BGH: Kartellrechtlicher Schiedsspruch voll überprüfbar

Ein Schiedsspruch ist nicht nur einer gerichtlichen Evidenzkontrolle unterworfen, sondern muss sich vollumfänglich an den zwingenden Verbotsnormen des Kartellrechts messen lassen. Das entschied der Bundesgerichtshof (BGH) mit kürzlich veröffentlichten Beschluss vom 27.09.2022 –KZB 75/21 und schaffte damit Klarheit in einer seit langem zwischen OLG-Senaten umstrittenen Frage. Die Entscheidung ist wegen ihrer grundsätzlichen Bedeutung zur Veröffentlichung in der Entscheidungssammlung BGHZ vorgesehen.

Sachverhalt und Verfahrenshergang
Die Antragstellerin, eine Pächterin, betrieb einen von zwei Steinbrüchen im Büdinger Wald. Ebendiesen Pachtvertrag kündigte die Eigentümerin vor Ende der Laufzeit. Ziel der Kündigung war es, die Pächterin zur Veräußerung ihrer Anlagen im Steinbruch an ihre Konkurrentin zu bringen. Durch das Ausscheiden der Pächterin aus dem Wettbewerb sollte ein Preiskampf zwischen den Steinbrüchen verhindert und eine höhere Pacht erzielt werden.

Gestützt auf kartellrechtliche Erwägungen erwirkte die Pächterin zunächst ein Bußgeld gegen die Eigentümerin beim Bundeskartellamt. Das daraufhin von der Eigentümerin angerufene Schiedsgericht verwarf diese Einwände und bestätigte die Kündigung mit Endschiedsspruch.

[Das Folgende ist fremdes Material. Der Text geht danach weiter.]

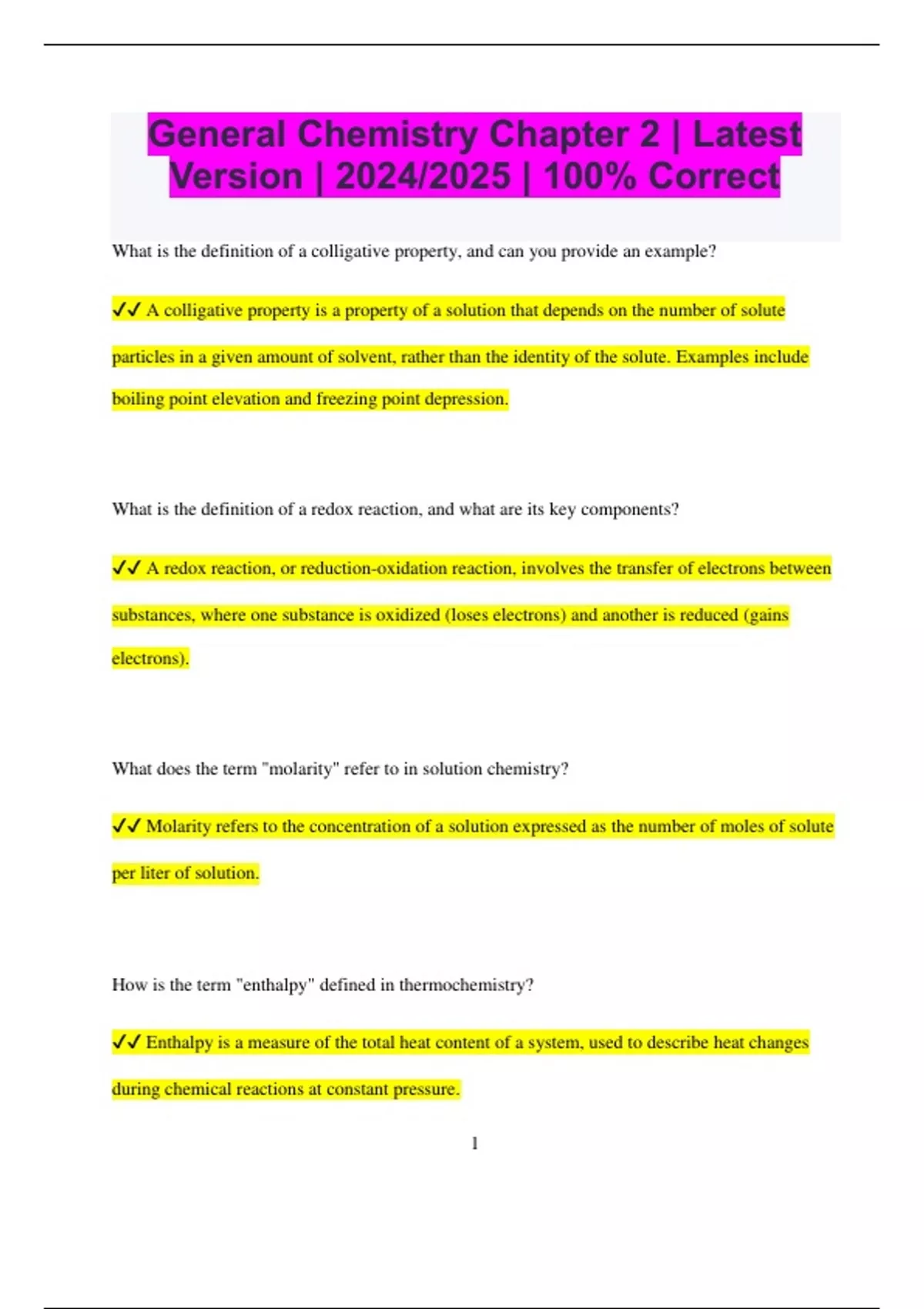 General Chemistry Chapter 2 | Latest Version | 2024/2025 | 100% Correct What is the definition of a colligative property, and can you provide an example? A colligative property is a property of a solution that depends on the number of solute particles in a given amount of solvent, rather than the identity of the solute. Examples include boiling point elevation and freezing point depression. What is the definition of a redox reaction, and what are its key components? A redox reaction, or reduction-oxidation reaction, involves the transfer of electrons between substances, where one substance is oxidized (loses electrons) and another is reduced (gains electrons). What does the term "molarity" refer to in solution chemistry? Molarity refers to the concentration of a solution expressed as the number of moles of solute per liter of solution. How is the term "enthalpy" defined in thermochemistry? Enthalpy is a measure of the total heat content of a system, used to describe heat changes during chemical reactions at constant pressure. 2 What is the definition of a buffer solution, and how does it function in maintaining pH? A buffer solution is a solution that resists changes in pH upon the addition of small amounts of an acid or a base, due to the presence of a weak acid and its conjugate base or a weak base and its conjugate acid. What is the definition of a coordination compound, and what are its essential components? A coordination compound consists of a central metal atom or ion bonded to a set of surrounding ligands, which are molecules or ions that donate electron pairs to the metal. What does "activation energy" mean in the context of chemical reactions? Activation energy is the minimum energy required for reactants to transform into products during a chemical reaction. What is the definition of an isotonic solution, and why is it important in biological systems? An isotonic solution has the same osmotic pressure as the fluid inside a cell, preventing net movement of water into or out of the cell, which is crucial for maintaining cell shape and function. 3 How is the term "stoichiometry" defined in relation to chemical reactions? Stoichiometry is the branch of chemistry that deals with the calculation of reactants and products in chemical reactions based
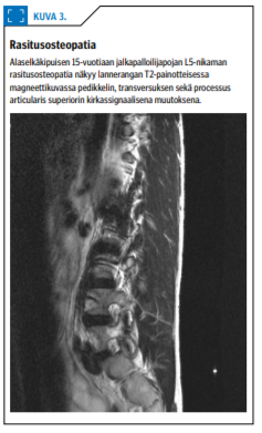 Kliinisenä löydöksenä voidaan todeta L5-nikaman okahaarakkeen palpaatioarkuus. Laséguen testissä alaraaja ei välttämättä nouse yli 60 asteen. Rasitusosteopatia ei näy natiiviröntgenkuvissa, mutta magneettikuvassa se näkyy lannenikaman hohkaluun turvotuksena (kuva 3 «»5). Murtuma-asteelle edennyt spondylolyysi näkyy myös natiivikuvissa.
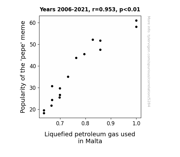 - The spurious research paper: Meme Magic and Maltese Gas: Exploring the Link between 'Pepe' Popularity and Propane Profusion

Das zuständige Schiedssenat des OLG Frankfurt hat diesen Schiedsspruch dann bestätigt. Der Senat lehnte eine kartellrechtliche Prüfungskompetenz der staatlichen Gerichte ab und begründete dies mit dem Wesen der Schiedsgerichtsbarkeit als privatautonome Streitentscheidung. Nicht einmal für eine summarische Prüfung oder kartellrechtliche Plausibilitätskontrolle sei Raum.

BGH widerspricht: Schiedsspruch vollumfänglich überprüfbar
Der BGH erteilt dieser Auffassung des OLG Frankfurt nun eine Absage. Die §§ 19-21 GWB, die das Verbot einseitiger, missbräuchlicher Verhaltensweisen normieren, gehörten zu den elementaren Grundlagen des deutschen Rechts, die auch im Schiedsverfahren nicht verletzt werden dürften. Entgegen der Auffassung des OLG-Senates sei der gerichtliche Prüfungsmaßstab auch nicht auf eine bloße Evidenzkontrolle kartellrechtlicher Schiedssprüche beschränkt, sondern tatsächlich und rechtlich vollumfänglich vorzunehmen.

Keine Rechtsordnung könne es hinnehmen, dass Verstöße gegen ihre grundlegendsten Normen durch ihre eigenen Gerichte bestätigt würden – unabhängig davon, ob diese Verstöße offenkundig oder offensichtlich seien oder nicht. Für die vollumfängliche Überprüfbarkeit spreche, so der BGH, neben dem Interesse der Schiedsparteien auch das öffentliche Interesse an einem funktionierenden Wettbewerb. Ferner seien lediglich vor staatlichen Gerichten umfassende Beteiligungsbefugnisse des Bundeskartellamts vorgesehen. Hinzu komme im Anwendungsbereich der Art. 101, 102 AEUV, dass staatliche Gerichte – im Gegensatz zu Schiedsgerichten – vorlageberechtigt an den EuGH seien.

Verstoß gegen ordre public
Auf Grundlage dieser rechtlich und tatsächlich umfassenden Prüfung sahen die Karlsruher Richter in der Kündigung des Pachtvertrages unzulässigen Zwang nach § 21 Abs. 3 Nr. 2 GWB. Indem die Eigentümerin der Pächterin nur die Wahl zwischen der wirtschaftlichen Zusammenführung mit der Konkurrentin oder der Existenzaufgabe ließ, sei das Verhalten wettbewerbswidrig gewesen und die Kündigung gem. § 134 BGB nichtig. Damit verstoße der Schiedsspruch gegen den ordre public und sei gem. § 1059 Abs. 2 Nr. 2b ZPO aufzuheben.